___ DATASET EXTRACT

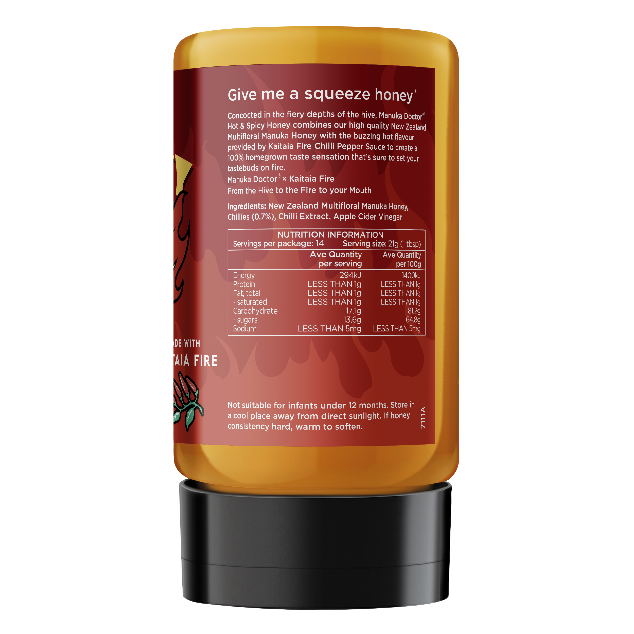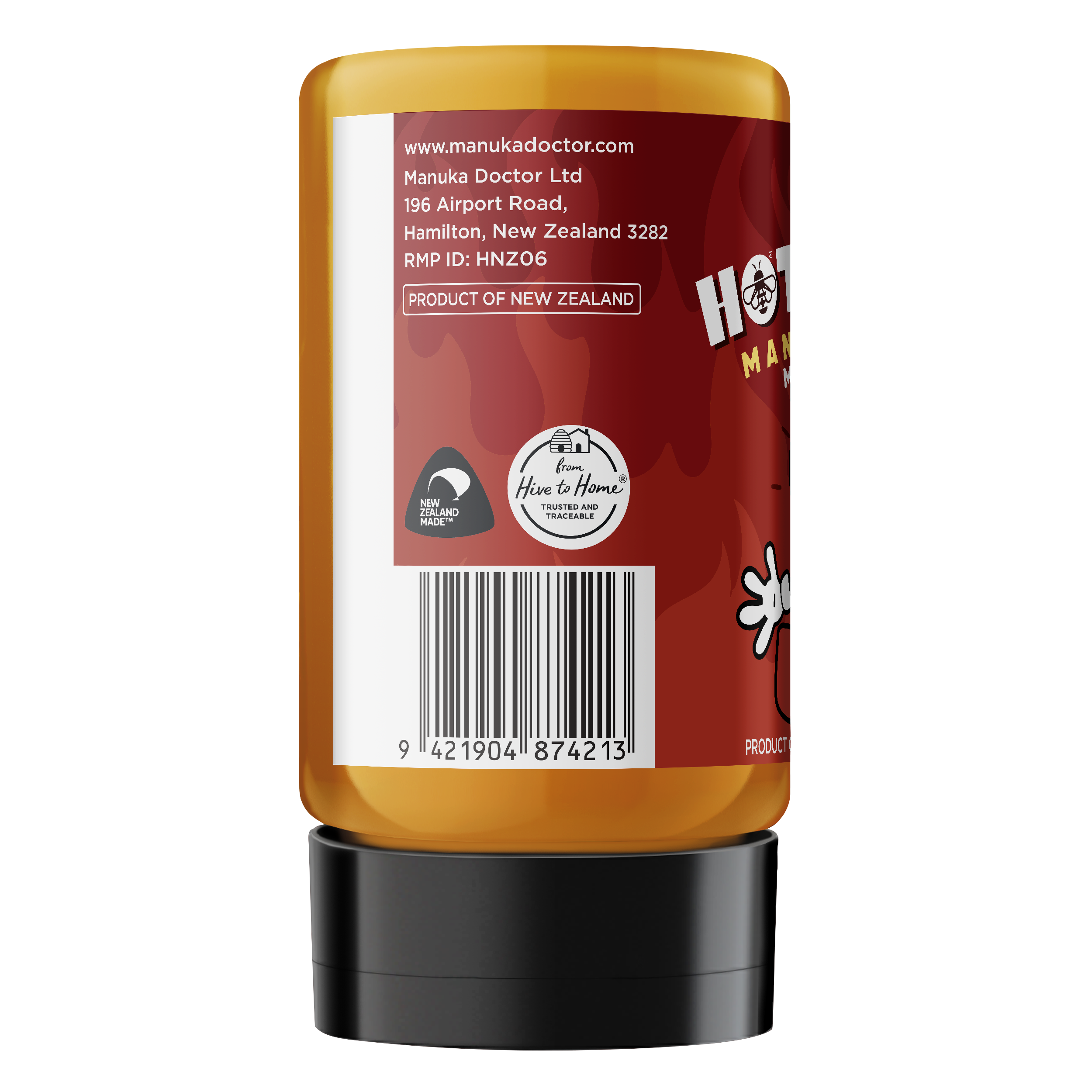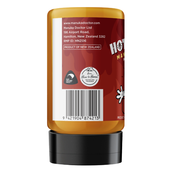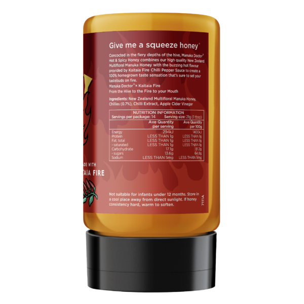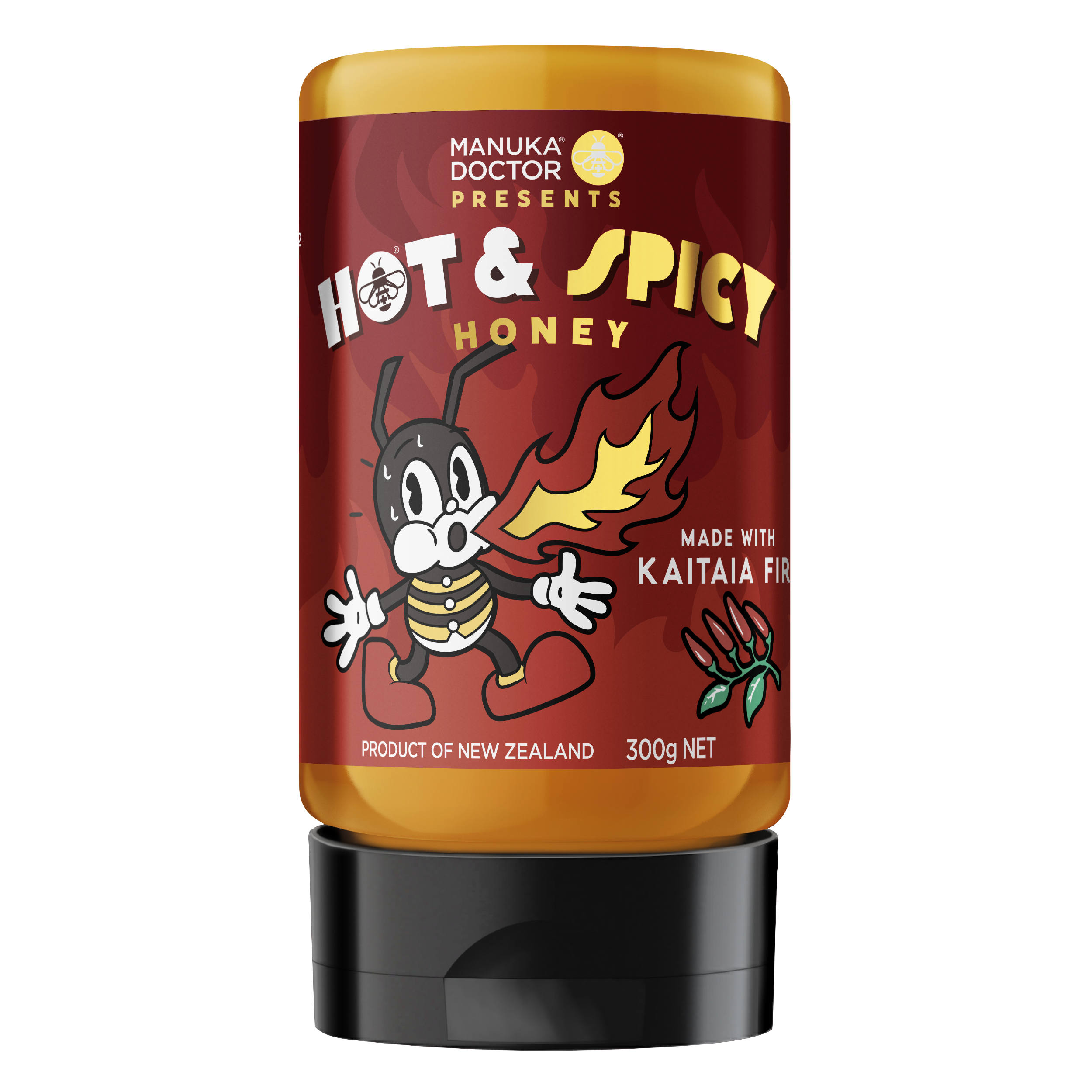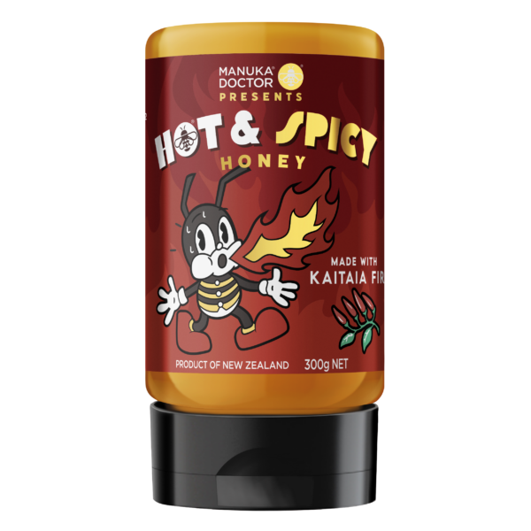 Concocted in the fiery depths of the hive, Manuka Doctor® Hot & Spicy Honey combines our high quality New Zealand Honey with the buzzing hot flavour provided by Kaitaia Fire Chili Pepper Sauce to create a 100% homegrown taste sensation that’s sure to set your tastebuds on fire.
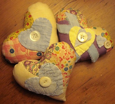 Title (ebay affiliate link): Trio of Primitive Heart Pillow Bowl Fillers From Vintage Quilts
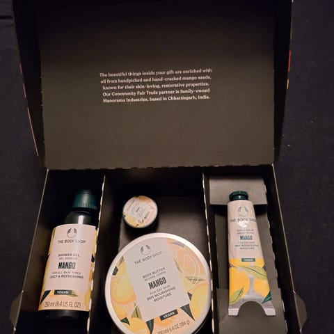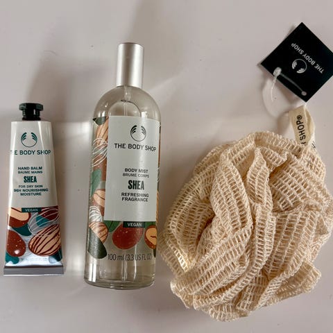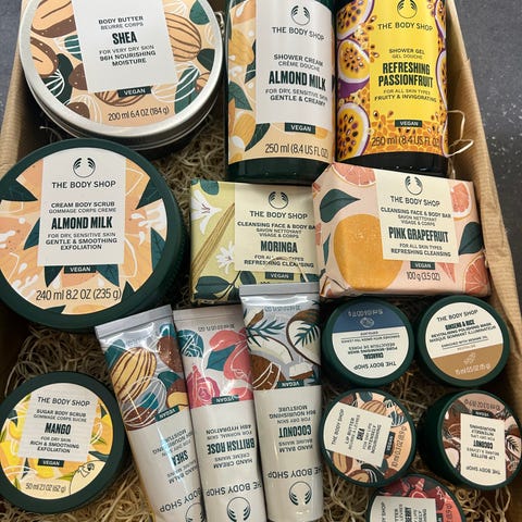 The Body Shop assorterte hudpleieprodukter inkludert kroppssmør, håndkrem, såpe og ansiktspleie i ulike dufter og ingredienser som mandelmelk og pasjonsfrukt. Produktene kommer i forskjellige størrelser og emballasjer, egnet for daglig hudpleie. Verdi kr. 1582,-

______

EXERCISE OBJECTIVE –
What is needed here is an exact transcript of the data above, pictures excluded.

COMPLETED TASK –
 Concocted in the fiery depths of the hive, Manuka Doctor® Hot & Spicy Honey combines our high quality New Zealand Honey with the buzzing hot flavour provided by Kaitaia Fire Chili Pepper Sauce to create a 100% homegrown taste sensation that’s sure to set your tastebuds on fire.
 Title (ebay affiliate link): Trio of Primitive Heart Pillow Bowl Fillers From Vintage Quilts
 The Body Shop assorterte hudpleieprodukter inkludert kroppssmør, håndkrem, såpe og ansiktspleie i ulike dufter og ingredienser som mandelmelk og pasjonsfrukt. Produktene kommer i forskjellige størrelser og emballasjer, egnet for daglig hudpleie. Verdi kr. 1582,-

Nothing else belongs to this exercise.